On the visible side of the liquid crystal cell of Reference Example 7, the first polarizing plate AP1 was attached via an acrylic pressure-sensitive adhesive (thickness: 20 μm) in such a manner that the first optical compensation layer AR1 side became the liquid crystal cell side and the absorption axis direction of the first polarizing plate AP1 became parallel to the long-side direction of the liquid crystal cell. Then, on the backlight side of the liquid crystal cell, the second polarizing plate IP2 was attached via an acrylic pressure-sensitive adhesive (thickness: 20 μm) in such a manner that the laminate (C) side became the liquid crystal cell side and the absorption axis direction of the second polarizing plate IP2 became orthogonal to the long-side direction of the liquid crystal cell. Thus, a second liquid crystal panel IL1 was obtained. At this time, the absorption axis of the first polarizing plate AP1 was orthogonal to the absorption axis of the second polarizing plate IP2. The second liquid crystal panel IL1 then was bonded to a backlight unit included in the original liquid crystal display, thus producing a liquid crystal display ID1.

Example 10

A second liquid crystal panel JL1 and a liquid crystal display JD1 were produced in the same manner as in Example 9, except that the first polarizing plate BP1 produced in Example 2 was used as a first polarizing plate.

Example 11

A second liquid crystal panel KL1 and a liquid crystal display KD1 were produced in the same manner as in Example 9, except that the first polarizing plate CP1 produced in Example 3 was used as a first polarizing plate.

Example 12

A second liquid crystal panel LL1 and a liquid crystal display LD1 were produced in the same manner as in Example 9, except that the first polarizing plate DP1 produced in Example 4 was used as a first polarizing plate.

Example 13

A second liquid crystal panel ML1 and a liquid crystal display MD1 were produced in the same manner as in Example 9, except that the first polarizing plate EP1 produced in Example 5 was used as a first polarizing plate.

Example 14

A second liquid crystal panel NL1 and a liquid crystal display ND1 were produced in the same manner as in Example 9, except that the first polarizing plate FP1 produced in Example 6 was used as a first polarizing plate.

Example 15

A second liquid crystal panel OL1 and a liquid crystal display OD1 were produced in the same manner as in Example 9, except that the first polarizing plate GP1 produced in Example 7 was used as a first polarizing plate.

Example 16

A second liquid crystal panel PL1 and a liquid crystal display PD1 were produced in the same manner as in Example 9, except that the first polarizing plate HP1 produced in Example 8 was used as a first polarizing plate.

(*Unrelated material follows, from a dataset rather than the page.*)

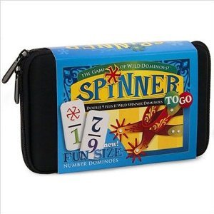 The original Texas Wild domino game! Spinner is a dynamic Double 9 domino game with speed, flexibility and fun to keep the game moving! Includes 66 Fun Size, Double 9, Number Dominoes plus 11 Wild Spinner Tiles, Centerpiece and Rules for Chicken Foot, Mexican Train, Straight Dominoes and Solitaire.For 2 - 8 players, ages 6 and up.

Example 17 First Polarizing Plate

On one side of the polarizer of Reference Example 2, the first optical compensation layer aR1 of Reference Example 4 was attached via a polyvinyl alcohol resin-containing water-soluble adhesive (Nippon Synthetic Chemical Industry Co., Ltd., trade name “GOHSEFIMER Z200”) in such a manner that the slow axis of the first optical compensation layer aR1 became orthogonal to the absorption axis of the polarizer. Then, on the other side of the polarizer, the transparent protective film of Reference Example 1 was attached via the water-soluble adhesive. The thus-obtained laminate was dried in an oven (Okazaki Machine Industry Co., Ltd.) at 60° C. to 90° C. for 5 minutes.

After the drying, the laminate was subjected to a heat treatment (annealing treatment) by being passed through an oven (Okazaki Machine Industry Co., Ltd.) at 80° C. for 9 minutes. Thus, a first polarizing plate aP1 was produced.

[Second Polarizing Plate]

A second polarizing plate AP2 was produced in the same manner as that for the second polarizing plate of Example 1.

[First Liquid Crystal Panel and Liquid Crystal Display]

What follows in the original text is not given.